Cercocarpus betuloides, commonly known as birch-leaf mountain mahogany or western mountain mahogany, is a species of flowering shrub or small tree in the rose family (Rosaceae). It is native to California and Baja California. It is one of at least nine species in the broader mountain mahogany genus, Cercocarpus, characterized by their extremely hard reddish-brown wood and distinctive feathery seeds, although the genus is not a true mahogany.

==Description==
===Growth pattern===
Cercocarpus betuloides is a shrub or small tree growing from 1 to 5 m, rarely to 8 m. Its branches are incised and muscular in appearance from the side. In cross section they appear lobed.

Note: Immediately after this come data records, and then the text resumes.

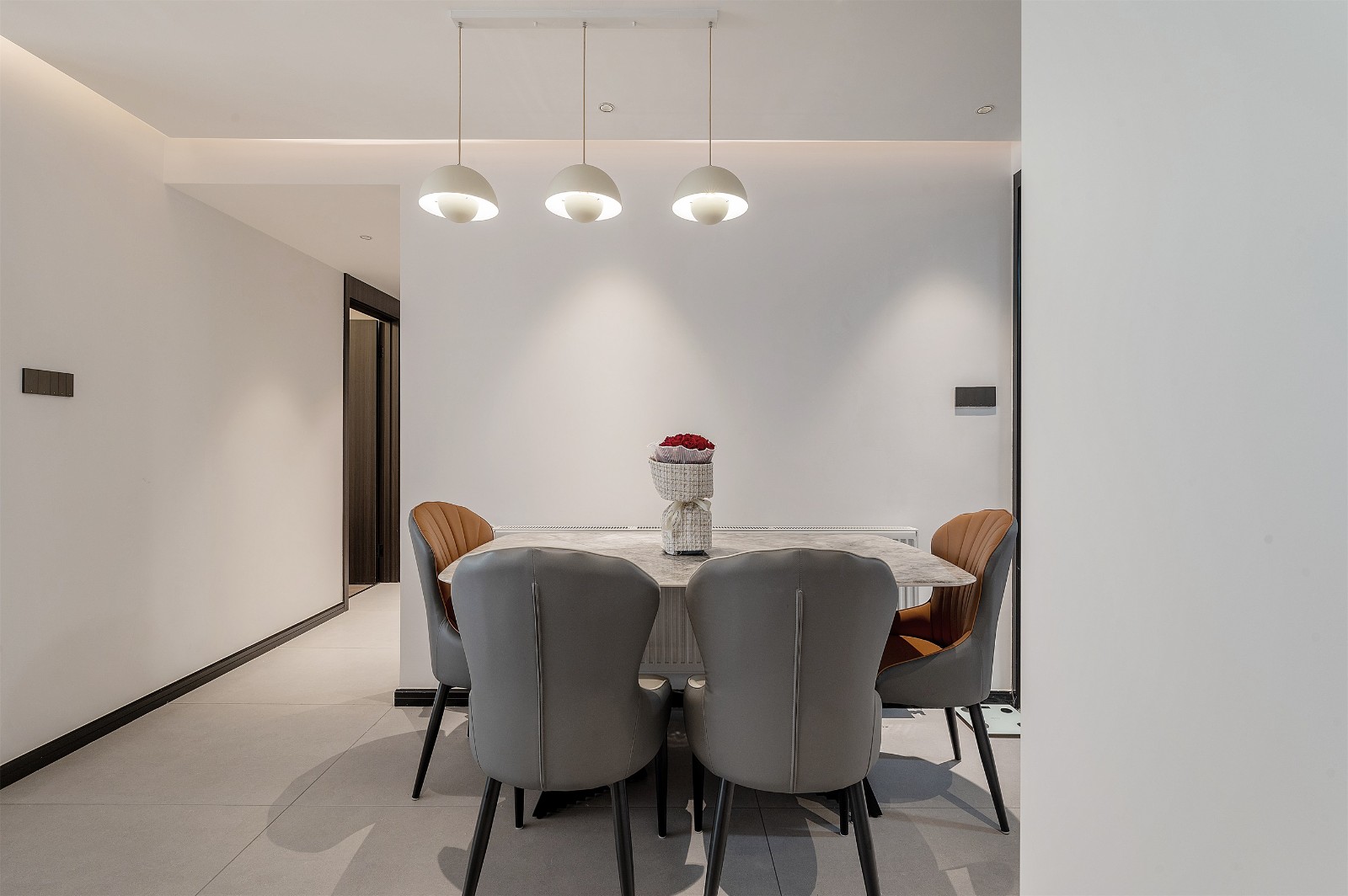 餐桌椅的款式则是很常见百搭的搭配,灰白配的撞色组合,丰富了视觉效果,也不会容易过时,四人桌对于一家人来说也是够用了的。 餐桌上方安装了一盏组合式的吊灯,简约的白色筒灯造型,精致又显***。不只是增加了照明,更是提升了整屋的格调。
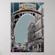 This eyecatching, quirky poster print is a digital painting of the famous Glasgow Barras. Opened in the 1920s the world famous street market is popular with locals and tourists. Located in the east end of the city centre, it was once the largest open air market in Europe. The painting shows the entrance to the market with traders and punters milling below.
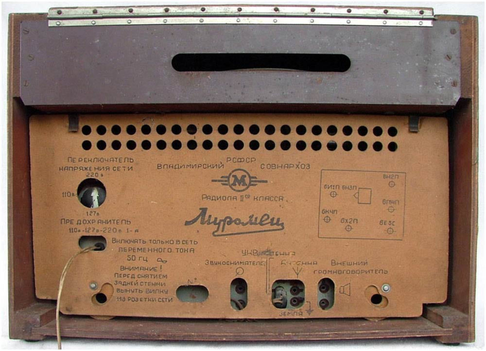 Радиола сетевая ламповая *Муромец* с 1957 года выпускалась на Муромском заводе РИП. Радиола **Муромец** создана на базе радиолы **Байкал** Бердского радиозавода и по конструкции и электрической схеме совпадает с ней. Радиола производилась для увеличения числа наименований бытовой радиоаппаратуры в стране. Радиола имеет шестиламповый приёмник 2-го класса, совмещённый с универсальным двухскоростным электропроигрывателем в общем футляре. Внешнее оформление радиолы **Муромец** незначительно от личается от базовой радиолы **Байкал**. В радиоле **Муромец** вместо громкоговорителей 1ГД-5 с 1959 года устанавливали громкоговорители типа 2ГД-3 или 2ГД-3Р, при этом диапазон частот при проигрывании пластинок и при приёме в ЧМ расширился до 80...8000 Гц. Потребляемая мощность при работе ЭПУ - 70 Вт. Габариты радиолы 340хх520х368 мм. Её масса 19 кг. Цена модели 87 рублей 95 копеек после денежной реформы 1961 года.
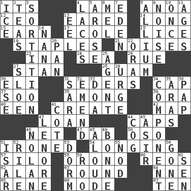 ACROSS 1. It is 4. Unable to walk 8. Small Philippine buffalo 12. Corporate head (abbr.) 13. Having ears or earlike features 14. Yearn 15. Merit 17. Learning spot: Fr. 18. Louse (plural) 19. Paper fasteners 21. Annoying sounds 23. _ tizzy (2 wds.) 24. Ocean 26. Regret 27. Comedian Laurel of Laurel & Hardy 28. Island territory of the United States 30. Biblical high priest 31. Spring feasts 34. Head covering 37. "Barney Miller" actor Jack 38. Amid 39. Mouth or opening 40. Car or cant ending 41. Make 42. Atlas unit 43. Grant temporary use of 44. Smile enhancers 46. Fish or hair follower 47. Pat or tap gently 50. Bear (Spanish) 51. Pressed 54. Yearning 57. Grain storage tower 58. U. of Maine site 60. Vintage cars 62. Having or resembling wings 63. One shot 64. Compass dir. 65. French philosopher Descartes 66. Method 67. Nine, plus one DOWN 1. Frozen water 2. Afternoon social gatherings 3. Making a chance decision by using lots 4. Shoestrings 5. Came up 6. Cartoonist voice _ Blanc 7. Locale of original sin 8. Plant genus of onion and garlic 9. Annoying sound 10. At one time in the past 11. Grows older 13. Snakelike fish 16. Grandmother 20. Baking dish 22. Mouths or openings 25. Rep 27. A type of plum 29. Goad 30. Compass dir. 31. "Two Mules for Sister ____" 32. Make improvements or corrections to 33. ___ good deed 34. Part 35. Ancient river in northeast Turkey 36. Infant food 41. ____ d'Azur (French Riviera) 43. Poe poem 44. Gear tooth 45. SW Saudi Arabia district 46. Pitcher Ryan 48. Verbally 49. Child's nurse 51. Austrian river, tributary to the Danube 52. Cause heat under the collar 53. Dormintory (informal) 55. Dreamland 56. Went 59. Friend of Pooh 61. Elected rep.
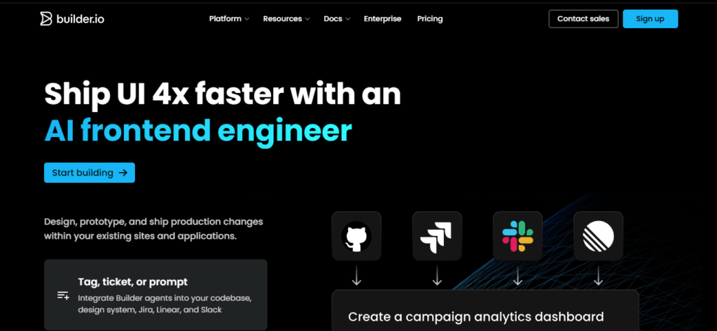 Builder.io still plays an important role for visual design, but it does not provide the same depth of AI-driven workflow automation.
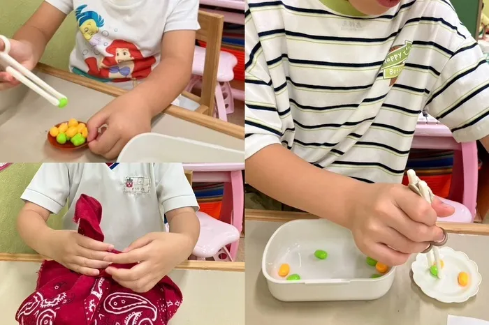 こんにちは♡ 児童発達支援・放課後等デイサービス どんぐりです✨今週はお箸の練習やスプーンの練習をする週です。プログラムの他に個別で療育を行うこともあります。お箸で豆を掴む練習。わざとスタッフがお皿を揺らしてなかなか取れないようにしたりすると子どもたちはキャッキャ言いながら楽しく学んでいました。

Common shrub associates within the chaparral community include toyon.

===Leaves and stems===
The leaves are distinctive in that they have smooth edges from the base to about halfway up, then are wavy or toothed to the rounded tip.

===Inflorescence and fruit===
The white flowers are small, clustered, and mildly scented, similar to Acacia.

The fruit is a tubular achene with the long, plumelike flower style still attached.

== Etymology ==
The genus name, Cercocarpus, comes from the Greek kerkos (tail), referring to the tail-like appearance of the fruit; and karpos (fruit) thus "fruit with tail", referring to the long feathery styles that persist on the seeds.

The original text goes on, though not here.